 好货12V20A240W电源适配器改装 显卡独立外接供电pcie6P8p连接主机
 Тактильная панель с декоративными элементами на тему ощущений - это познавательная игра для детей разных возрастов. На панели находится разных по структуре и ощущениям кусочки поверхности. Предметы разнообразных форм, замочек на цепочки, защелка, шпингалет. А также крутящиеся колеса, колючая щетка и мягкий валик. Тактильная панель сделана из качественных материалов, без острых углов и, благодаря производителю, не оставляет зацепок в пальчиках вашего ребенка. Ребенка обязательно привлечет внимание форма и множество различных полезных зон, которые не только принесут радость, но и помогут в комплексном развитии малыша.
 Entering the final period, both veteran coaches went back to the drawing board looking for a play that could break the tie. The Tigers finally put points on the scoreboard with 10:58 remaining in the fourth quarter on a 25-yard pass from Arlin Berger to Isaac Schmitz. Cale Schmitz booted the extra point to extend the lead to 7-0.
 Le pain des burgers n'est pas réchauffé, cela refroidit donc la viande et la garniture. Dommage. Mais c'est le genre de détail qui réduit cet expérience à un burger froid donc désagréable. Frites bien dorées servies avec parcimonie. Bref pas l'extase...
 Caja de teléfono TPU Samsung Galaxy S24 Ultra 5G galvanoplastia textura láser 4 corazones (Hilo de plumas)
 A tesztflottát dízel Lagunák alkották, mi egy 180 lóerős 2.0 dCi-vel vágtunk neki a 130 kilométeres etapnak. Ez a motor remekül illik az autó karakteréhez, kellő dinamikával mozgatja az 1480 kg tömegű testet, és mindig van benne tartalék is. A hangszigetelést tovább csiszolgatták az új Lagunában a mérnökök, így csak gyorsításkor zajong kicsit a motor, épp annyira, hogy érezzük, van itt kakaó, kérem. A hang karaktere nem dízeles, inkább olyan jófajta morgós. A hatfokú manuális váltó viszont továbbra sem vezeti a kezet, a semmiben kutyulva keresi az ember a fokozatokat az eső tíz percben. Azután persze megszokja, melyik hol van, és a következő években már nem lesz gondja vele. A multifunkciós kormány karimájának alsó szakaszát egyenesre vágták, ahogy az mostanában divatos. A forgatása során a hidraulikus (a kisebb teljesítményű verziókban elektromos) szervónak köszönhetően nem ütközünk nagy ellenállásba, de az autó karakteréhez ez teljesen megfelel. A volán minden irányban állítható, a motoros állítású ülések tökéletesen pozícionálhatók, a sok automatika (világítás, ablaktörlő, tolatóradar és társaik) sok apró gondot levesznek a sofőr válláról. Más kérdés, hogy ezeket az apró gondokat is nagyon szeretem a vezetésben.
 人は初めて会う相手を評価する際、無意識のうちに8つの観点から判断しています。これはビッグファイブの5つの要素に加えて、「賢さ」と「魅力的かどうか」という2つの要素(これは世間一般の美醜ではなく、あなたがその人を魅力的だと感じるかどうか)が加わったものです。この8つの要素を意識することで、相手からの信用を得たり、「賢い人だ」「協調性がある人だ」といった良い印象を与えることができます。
□ □ □
**BRIEF:** Without dropping a single line, output the records above exactly.

**OUTPUT OF THE EXERCISE:**
 好货12V20A240W电源适配器改装 显卡独立外接供电pcie6P8p连接主机
 Тактильная панель с декоративными элементами на тему ощущений - это познавательная игра для детей разных возрастов. На панели находится разных по структуре и ощущениям кусочки поверхности. Предметы разнообразных форм, замочек на цепочки, защелка, шпингалет. А также крутящиеся колеса, колючая щетка и мягкий валик. Тактильная панель сделана из качественных материалов, без острых углов и, благодаря производителю, не оставляет зацепок в пальчиках вашего ребенка. Ребенка обязательно привлечет внимание форма и множество различных полезных зон, которые не только принесут радость, но и помогут в комплексном развитии малыша.
 Entering the final period, both veteran coaches went back to the drawing board looking for a play that could break the tie. The Tigers finally put points on the scoreboard with 10:58 remaining in the fourth quarter on a 25-yard pass from Arlin Berger to Isaac Schmitz. Cale Schmitz booted the extra point to extend the lead to 7-0.
 Le pain des burgers n'est pas réchauffé, cela refroidit donc la viande et la garniture. Dommage. Mais c'est le genre de détail qui réduit cet expérience à un burger froid donc désagréable. Frites bien dorées servies avec parcimonie. Bref pas l'extase...
 Caja de teléfono TPU Samsung Galaxy S24 Ultra 5G galvanoplastia textura láser 4 corazones (Hilo de plumas)
 A tesztflottát dízel Lagunák alkották, mi egy 180 lóerős 2.0 dCi-vel vágtunk neki a 130 kilométeres etapnak. Ez a motor remekül illik az autó karakteréhez, kellő dinamikával mozgatja az 1480 kg tömegű testet, és mindig van benne tartalék is. A hangszigetelést tovább csiszolgatták az új Lagunában a mérnökök, így csak gyorsításkor zajong kicsit a motor, épp annyira, hogy érezzük, van itt kakaó, kérem. A hang karaktere nem dízeles, inkább olyan jófajta morgós. A hatfokú manuális váltó viszont továbbra sem vezeti a kezet, a semmiben kutyulva keresi az ember a fokozatokat az eső tíz percben. Azután persze megszokja, melyik hol van, és a következő években már nem lesz gondja vele. A multifunkciós kormány karimájának alsó szakaszát egyenesre vágták, ahogy az mostanában divatos. A forgatása során a hidraulikus (a kisebb teljesítményű verziókban elektromos) szervónak köszönhetően nem ütközünk nagy ellenállásba, de az autó karakteréhez ez teljesen megfelel. A volán minden irányban állítható, a motoros állítású ülések tökéletesen pozícionálhatók, a sok automatika (világítás, ablaktörlő, tolatóradar és társaik) sok apró gondot levesznek a sofőr válláról. Más kérdés, hogy ezeket az apró gondokat is nagyon szeretem a vezetésben.
 人は初めて会う相手を評価する際、無意識のうちに8つの観点から判断しています。これはビッグファイブの5つの要素に加えて、「賢さ」と「魅力的かどうか」という2つの要素(これは世間一般の美醜ではなく、あなたがその人を魅力的だと感じるかどうか)が加わったものです。この8つの要素を意識することで、相手からの信用を得たり、「賢い人だ」「協調性がある人だ」といった良い印象を与えることができます。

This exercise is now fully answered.